Não só o clima, mas seus colegas também.


O último dia de aula era um tipo de evento mais esperado do ano letivo. Alguns de seus colegas marcavam calendários a espera das tão esperadas férias, e neste ano a alegria de voltar para casa, jogar os livros para o alto e dar adeus aos professores se duplicara. Aquele era o último ano em Hogwarts.


A formatura fora um sucesso, assim como a festa após a cerimônia. Sua melhor amiga e nomeada melhor aluna do ano, Lilian Evans, fizera um lindo discurso sobre os sete anos na escola de magia e bruxaria que fizera Minerva McGonagall se debulhar em lágrimas, assim como grande parte dos estudantes, inclusive ela, a eterna rocha impenetrável e fria, como Sirius Black a apelidara.


Marlene McKinnon fitava as grossas cortinas vermelhas do dormitório que fora seu lar durante os sete anos que acabariam assim que embarcasse pela última vez no Expresso de Hogwarts.
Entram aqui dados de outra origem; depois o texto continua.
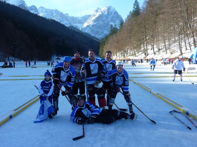 veranstaltet den ersten offiziellen Pond Hockey Cup auf dem Riessersse in Garmisch-Partenkirchen.

O malão jazia perto da porta aberta, o dormitório estava vazio, somente ela não era capaz de descer as escadas para dar adeus aos amigos. Ou não era capaz de encarar a felicidade alheia da qual ela não era agraciada a compartilhar.


Lily deveria estar nos braços de James lá embaixo. Após sete anos de brigas e berros, finalmente James pareceu amadurecer e conseguir conquistar o coração de sua amiga. O casamento do casal era apenas um boato pela escola, mas Marlene sabia que era a mais pura verdade. Ela até fora convidada para ser madrinha! Era quase impossível acreditar, a poucos anos atrás, James e Lily formarem um casal era quase uma blasfêmia.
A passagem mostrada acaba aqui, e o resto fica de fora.